Zowel Financiën als de Algemene Rekenkamer hanteren als uitgangspunt dat bij de indeling van het jaarverslag de gebruiker (Tweede Kamer) centraal moet staan. Er bestaat echter een verschil van opvatting over de wijze waarop de gebruiker van het jaarverslag op de hoogte moet worden gesteld van het onderscheid in financiële en niet-financiële informatie. De Algemene Rekenkamer ziet graag dat door middel van vet afdrukken, kleuren of anderszins symboliseren van de financiële gegevens in het beleidsverslag de Kamer inzicht wordt verschaft in de mate van betrouwbaarheid van de opgenomen informatie. De Rekenkamer geeft hierbij aan dat dit geen extra werklast voor de departementen mag veroorzaken. Financiën geeft de voorkeur aan het duidelijk opnemen in de leeswijzer dat financiële gegevens ook in het beleidsverslag kunnen worden gebruikt ter toelichting en dat deze uiteraard niet mogen afwijken van de financiële gegevens in de jaarrekening (de departementale accountantsdiensten zien hier op toe). Dit bevordert de leesbaarheid en daarmee de bruikbaarheid van het jaarverslag en voorkomt extra werklast voor departementen.
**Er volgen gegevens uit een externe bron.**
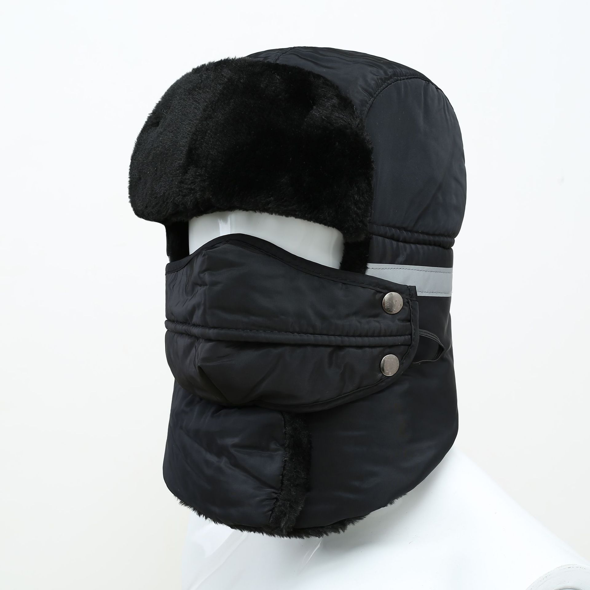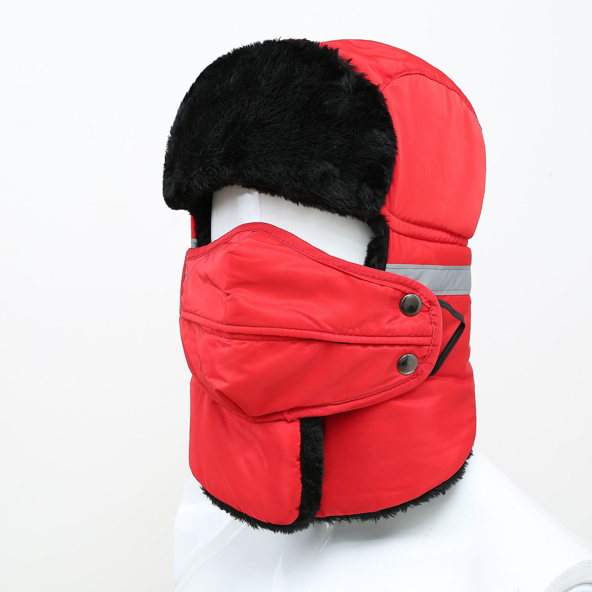 겨울 모자 반사 스트립 레이 펑 모자 남자와 여자의 모자 타고 전기 자동차 기모 방풍 모자 방한 두꺼운 따뜻한 면 모자 귀 보호
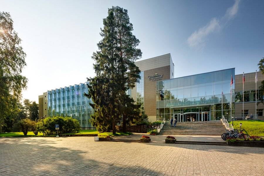 Курортное учреждение можно найти по направлению Приморского шоссе, в поселке Репино. Здесь предлагается пройти курс процедур в водолечебнице с ароматерапевтическими ваннами (читайте нашу специальную статью про полезные лечебные свойства ароматерапии). К услугам всех отдыхающих, как детей, так и их родителей, на территории пансионата имеется гидромассаж, спелеокамера, сауна и баня хамам.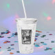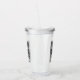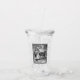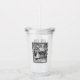 Cette rondelle acrylique avec paille et couvercle a une illustration en noir et blanc de Litle Red Riding Hood parlant aux bois sur son chemin à travers les bois sous les arbres portant une cape à capuchon dans un cadre noir orné sur le devant et le dos.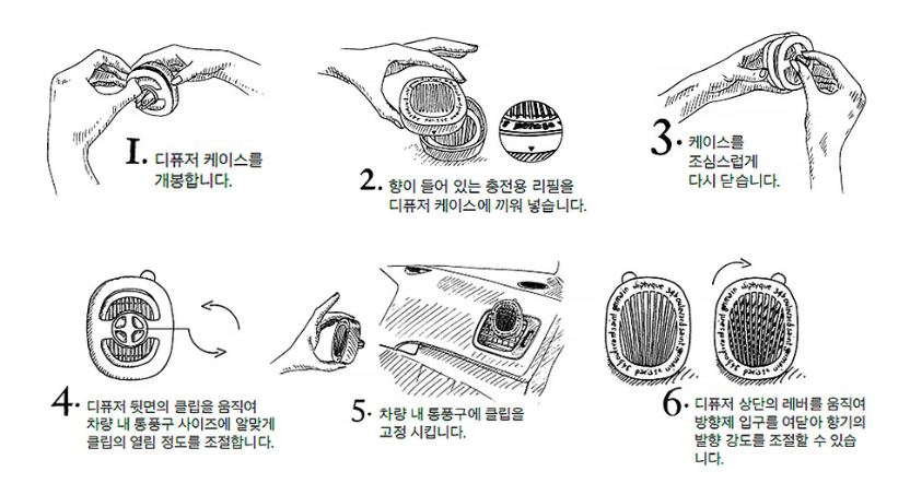 앞서 설명한 것처럼 리필용 디퓨저를 케이스 안에 넣어 사용하며, 공기를 통해 발향되는 형태이기 때문에 차량 내 통풍구에 설치하여 에어컨 ON시 강하게 발향을 느낄 수 있다.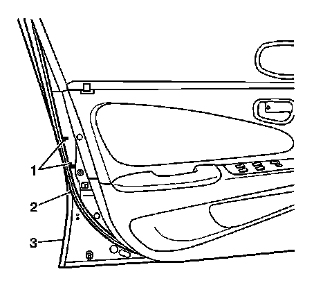 1. Install the front door weatherstrip (2) to the door (3). Ensure that the plastic retainers (1) are completely engaged.

Gezamenlijk met de Algemene Rekenkamer is verder vastgesteld, dat het verbeteren van de kwaliteit van de beleidsinformatie in het beleidsverslag de eerste prioriteit zou moeten hebben.

Conclusie ten behoeve van de Rbv 2004

Op basis van de bovenstaande uitkomsten uit het evaluatieonderzoek ben ik voornemens de huidige uitwerking in de Rbv 2004 van het onderscheid tussen financiële en niet-financiële informatie in het jaarverslag te continueren. De departementale ervaringen met de voorschriften en de bevindingen van de Algemene Rekenkamer geven geen aanleiding om de voorschriften aan te passen. Dit geldt eveneens voor de uitkomsten van de parlementaire behandeling van de jaarverslagen. Wel zal ik nader bezien of in bepalingen voor de leeswijzer nader moet worden geëxpliciteerd welke informatie in het jaarverslag financieel danwel niet-financieel is om zo eventuele misverstanden bij de gebruiker weg te nemen.